Frenchfolk losing interest in life

Great linky. Gotta spend your research dollars on the most critical and pressing of topics to society. The 14 year old in me loved it.
 
OK, so it's about breasts, but really, it's a perfectly valid topic. If the issue were lower back pain and how to prevent it, no one would blink (evolution really fucked us up by having us walk upright). I fail to see how, as a health matter, there is anything to blink about about this.

Now as a guy...
 
originally posted by Ian Fitzsimmons:
[...] (evolution really fucked us up by having us walk upright) [...]

A bit glass-half-empty: there are compensating advantages.

Obviously, if there weren't reproductive advantages that outweighed the drawbacks, it wouldn't have happened, natural selection being what it is. One of the arguments against intelligent design, however, is that no designer with any intelligence would have managed our uprightness in the way it has befallen us. Even a few minor tweaks would have alleviated a boatload of back problems.
 
originally posted by Jonathan Loesberg:
originally posted by Ian Fitzsimmons:
[...] (evolution really fucked us up by having us walk upright) [...]

A bit glass-half-empty: there are compensating advantages.

Obviously, if there weren't reproductive advantages that outweighed the drawbacks, it wouldn't have happened, natural selection being what it is. One of the arguments against intelligent design, however, is that no designer with any intelligence would have managed our uprightness in the way it has befallen us. Even a few minor tweaks would have alleviated a boatload of back problems.

evolution dictates that we'll always be a work in progress--how long before back pain becomes a selecting criteria is the question.
 
originally posted by robert ames:
originally posted by Jonathan Loesberg:
originally posted by Ian Fitzsimmons:
[...] (evolution really fucked us up by having us walk upright) [...]

A bit glass-half-empty: there are compensating advantages.

Obviously, if there weren't reproductive advantages that outweighed the drawbacks, it wouldn't have happened, natural selection being what it is. One of the arguments against intelligent design, however, is that no designer with any intelligence would have managed our uprightness in the way it has befallen us. Even a few minor tweaks would have alleviated a boatload of back problems.

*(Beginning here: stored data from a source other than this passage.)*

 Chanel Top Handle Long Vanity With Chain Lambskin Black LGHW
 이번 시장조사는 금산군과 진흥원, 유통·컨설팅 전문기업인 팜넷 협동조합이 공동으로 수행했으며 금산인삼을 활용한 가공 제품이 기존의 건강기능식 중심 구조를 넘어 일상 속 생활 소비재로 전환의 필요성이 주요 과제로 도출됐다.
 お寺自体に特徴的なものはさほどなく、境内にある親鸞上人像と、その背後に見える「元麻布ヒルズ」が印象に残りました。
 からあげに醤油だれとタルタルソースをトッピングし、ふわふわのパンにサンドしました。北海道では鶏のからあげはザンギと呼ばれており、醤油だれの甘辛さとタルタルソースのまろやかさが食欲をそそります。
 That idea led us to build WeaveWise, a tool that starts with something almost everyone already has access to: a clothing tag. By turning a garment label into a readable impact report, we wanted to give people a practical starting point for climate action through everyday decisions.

evolution dictates that we'll always be a work in progress--how long before back pain becomes a selecting criteria is the question.

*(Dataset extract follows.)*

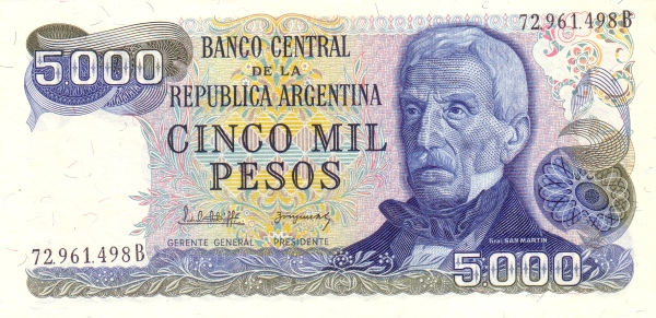Argentina 294 6.65 NECIRCULATA 5 Pesos (nedatata; circa 1974; Decreto-Ley 18.188) Argentina 295 6.20 NECIRCULATA 10 Pesos (nedatata; circa 1973-1976; Decreto-Ley 18.188) Argentina 296 5.45 NECIRCULATA 50 Pesos (nedatata; circa 1974; Decreto-Ley 18.188) Argentina 300 6.20 NECIRCULATA 10 Pesos (nedatata; circa 1976; fara clauza) Argentina 302 8.30 NECIRCULATA 100 Pesos (nedatata; circa 1976-1978; fara clauza) Argentina 303 4.55 NECIRCULATA 500 Pesos (nedatata; circa 1977-1982; fara clauza) Argentina 304 4.90 NECIRCULATA 1000 Pesos (nedatata; circa 1976-1983; fara clauza) Argentina 305 8.95 NECIRCULATA 5000 Pesos (nedatata; circa 1977-1983) Argentina 311 4.90 NECIRCULATA 1 Peso Argentino (nedatata; circa 1983-1984) Argentina 312 4.10 NECIRCULATA 5 Pesos Argentinos (nedatata; circa 1983-1984) Argentina 313 4.90 NECIRCULATA 10 Pesos Argentinos (nedatata; circa 1983-1984) Argentina 314 4.90 NECIRCULATA 50 Pesos Argentinos (nedatata; circa 1983-1985) Argentina 315 7.15 NECIRCULATA 100 Pesos Argentinos (nedatata; circa 1983-1985) Argentina 323 4.55 NECIRCULATA 1 Austral (nedatata; circa 1985-1989) Argentina 324 5.45 NECIRCULATA 5 Australes (nedatata; circa 1985-1989) Argentina 325 6.20 NECIRCULATA 10 Australes (nedatata; circa 1985-1989) Argentina 326 6.20 NECIRCULATA 50 Australes (nedatata; circa 1986-1989) Argentina 327 4.55 NECIRCULATA 100 Australes (nedatata; circa 1985-1990) Argentina 328 6.65 NECIRCULATA 500 Australes (nedatata; circa 1988-1990) Argentina 352 5.45 NECIRCULATA 2 Pesos (nedatata; circa 2002-2010; fara clauza de convertibilitate) Argentina 353 6.65 NECIRCULATA 5 Pesos (nedatata; circa 2002-2013; fara clauza de convertibilitate) Argentina 355 4.10 NECIRCULATA 20 Pesos (nedatata; circa 2002-2013; fara clauza de convertibilitate) Argentina 356 6.20 NECIRCULATA 50 Pesos (nedatata; circa 2003-2013; fara clauza de convertibilitate) Argentina 358 7.80 NECIRCULATA 100 Pesos (nedatata; circa 2012; comemorativa: Eva Peron) Argentina 359 4.55 NECIRCULATA 5 Pesos (nedatata; circa 2015) Argentina 360 6.65 NECIRCULATA 10 Pesos (nedatata; circa 2016) Argentina 361 4.10 NECIRCULATA 20 Pesos (nedatata; circa 2017) Argentina 362 4.90 NECIRCULATA 50 Pesos (nedatata; comemorativa: Falklands) Argentina 363 2.90 NECIRCULATA 50 Pesos (nedatata; circa 2018; condor)

Since a)back pain doesn't kick in until middle age usually and thus too late to have much effect on reproductive competition and b) even if it could have an effect, medicine is likely to reduce that effect (in other words, the environment in which we compete has changed), it seems highly unlikely that this will be a target for selective competition. Evolution is a work in progress but it really doesn't make thinks better and better every day and in every way. For selective purposes, our backs do just fine. It's just that our purposes are frequently different from selective purposes.